■ Your objective
Please print, exactly, only the lines in the entries below from the line that has "李雷和韩梅梅带你指尖办理公众聚集场所消防安全告知承诺" through the line that has "احتضن قصر العدل". Pictures don't go in.

# # # #

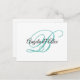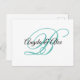 White, teal and black fancy script calligraphy wedding thank you postcard.
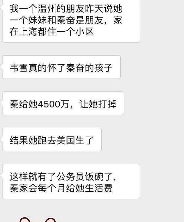 直到后来有网友爆料韦雪给秦奋生了一个儿子,各大网友也深陷扒扒扒之中。
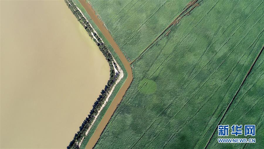 這是天津市寧河區(qū)七里海濕地內(nèi)蘆葦和水面形成的圖案(6月22日無人機拍攝)。新華社記者 岳月偉 攝
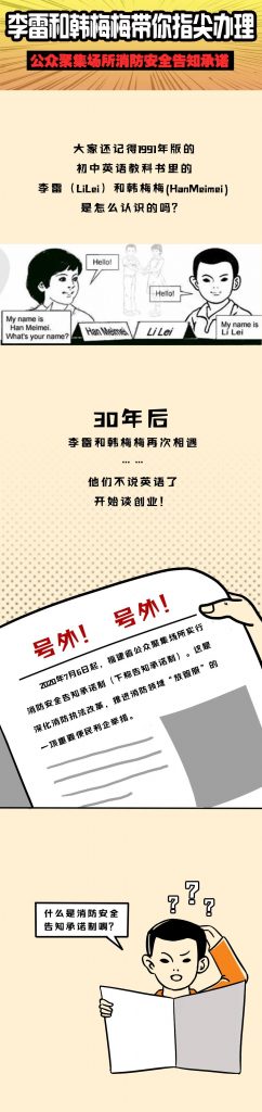 李雷和韩梅梅带你指尖办理公众聚集场所消防安全告知承诺
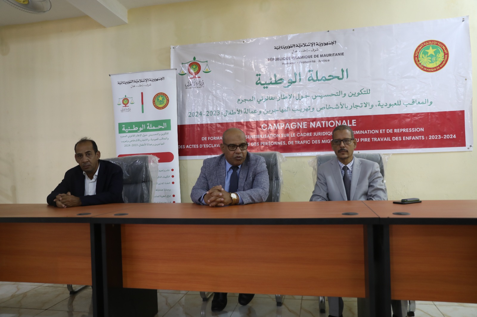 احتضن قصر العدل بولاية انواكشوط الجنوبية اليوم الخميس، نشاطات بعثة وزارة العدل المكلفة بحملة التكوين والتحسيس الوطنية حول القوانين المجرمة والمعاقبة للعبودية والاتجار بالأشخاص وتهريب المهاجرين وعمالة الأطفال المجرمة.
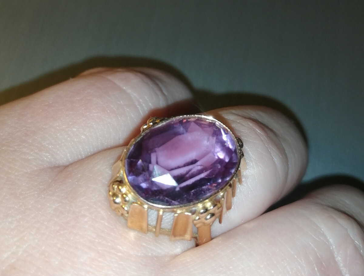 Этому кольцу лет больше чем мне и почему-то это очень приятно. Александрит - при дневном свете зеленый, при искусственном - фиолетовый. Считается, что в случаях, когда хозяину грозит опасность, может это предсказывать и меняет цвет на алый.
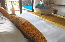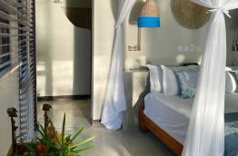Les matériaux sont de qualité et la literie est excellente. Dans chaque chambre, on retrouve un nécessaire à thé et café, un coffre-fort, une moustiquaire au-dessus du lit, des serviettes de plage, des produits de toilette biologiques et un espace extérieur (balcon ou terrasse).
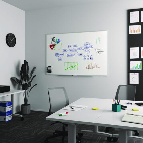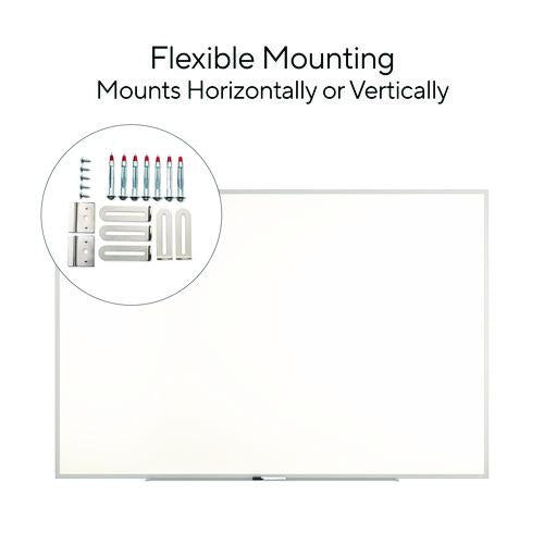 Let ideas flow and keep projects organized and on-task with the TRU RED durable melamine dry-erase whiteboard, featuring a smooth surface for easy writing and convenient cleanup. When sharing, changing, and perfecting ideas, you need the reliability of TRU RED Dry Erase Boards, the ultimate collaboration tool. The dry erase kit includes an easy-to-install mounting kit with instructions, and one TRU RED fine tip black dry erase marker that can be stored conveniently on the included accessory tray. TRU RED markers feature a unique Squircle barrel shape that provides a comfortable grip and keeps the marker from rolling on flat surfaces.Package Includes: Mounting Kit; Accessory Tray; (1) Fine Tip Black Dry Erase Marker
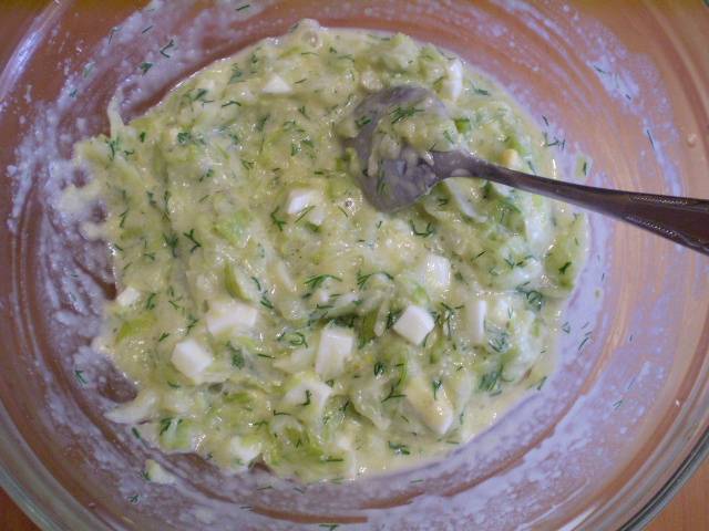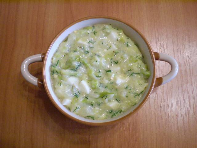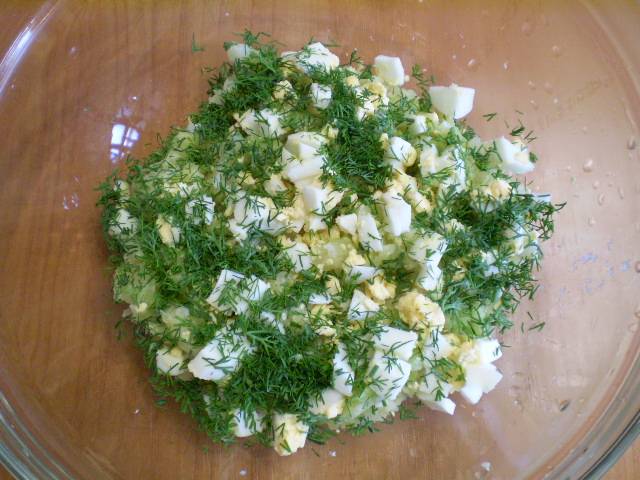 7. Добавляем вареное яйцо и укроп. Перемешиваем.
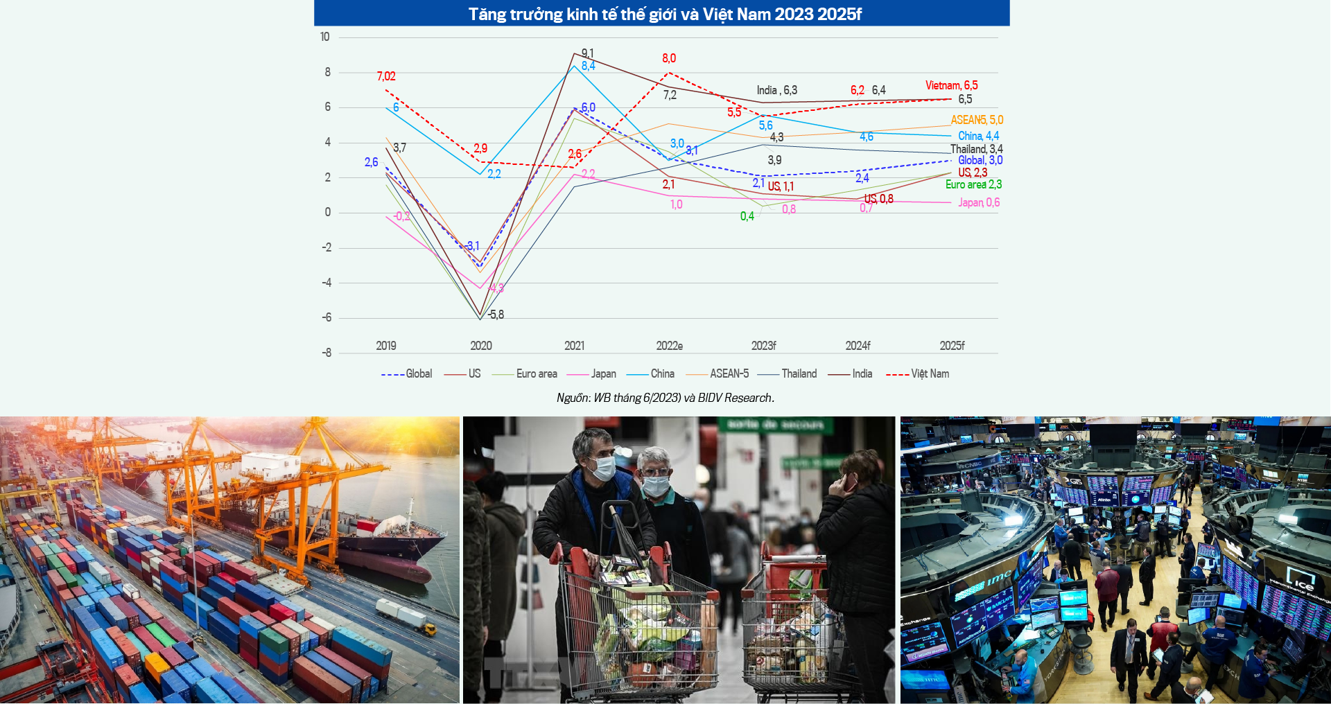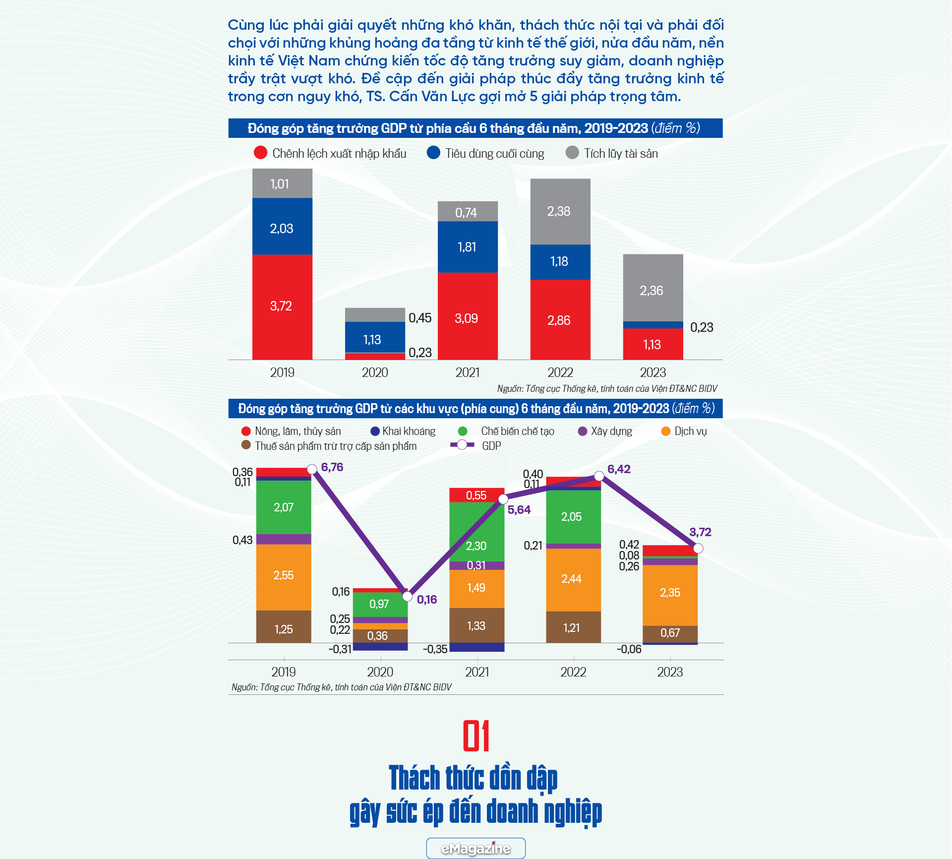 Theo phân tích của TS. Cấn Văn Lực, rủi ro bên ngoài khi kinh tế thế giới suy thoái nhẹ, cục bộ khiến thị trường xuất khẩu tiếp tục đà suy giảm dù có phần chậm lại (giảm 15,2%). Sản xuất công nghiệp bị thu hẹp, giảm 1,2% so cùng kỳ và Chỉ số nhà quản trị mua hàng (PMI) ngành sản xuất ở mức thu hẹp, duy trì dưới 50 điểm nhiều tháng liên tiếp, ngoại trừ tháng 2/2023 ở mức 51,2 điểm, trong tháng 6/2023 đạt 46,2 điểm. Cùng với đó, thu hút vốn FDI kém khả quan khi vốn đăng ký giảm 4,3%, giải ngân FDI tăng nhẹ 0,5%. Những khó khăn dồn dập khiến thu ngân sách nhà nước giảm 7,8% vì kinh tế tăng trưởng thấp, hoạt động của doanh nghiệp gặp nhiều khó khăn.

# # # #

■ Solution to this task
 李雷和韩梅梅带你指尖办理公众聚集场所消防安全告知承诺
 احتضن قصر العدل بولاية انواكشوط الجنوبية اليوم الخميس، نشاطات بعثة وزارة العدل المكلفة بحملة التكوين والتحسيس الوطنية حول القوانين المجرمة والمعاقبة للعبودية والاتجار بالأشخاص وتهريب المهاجرين وعمالة الأطفال المجرمة.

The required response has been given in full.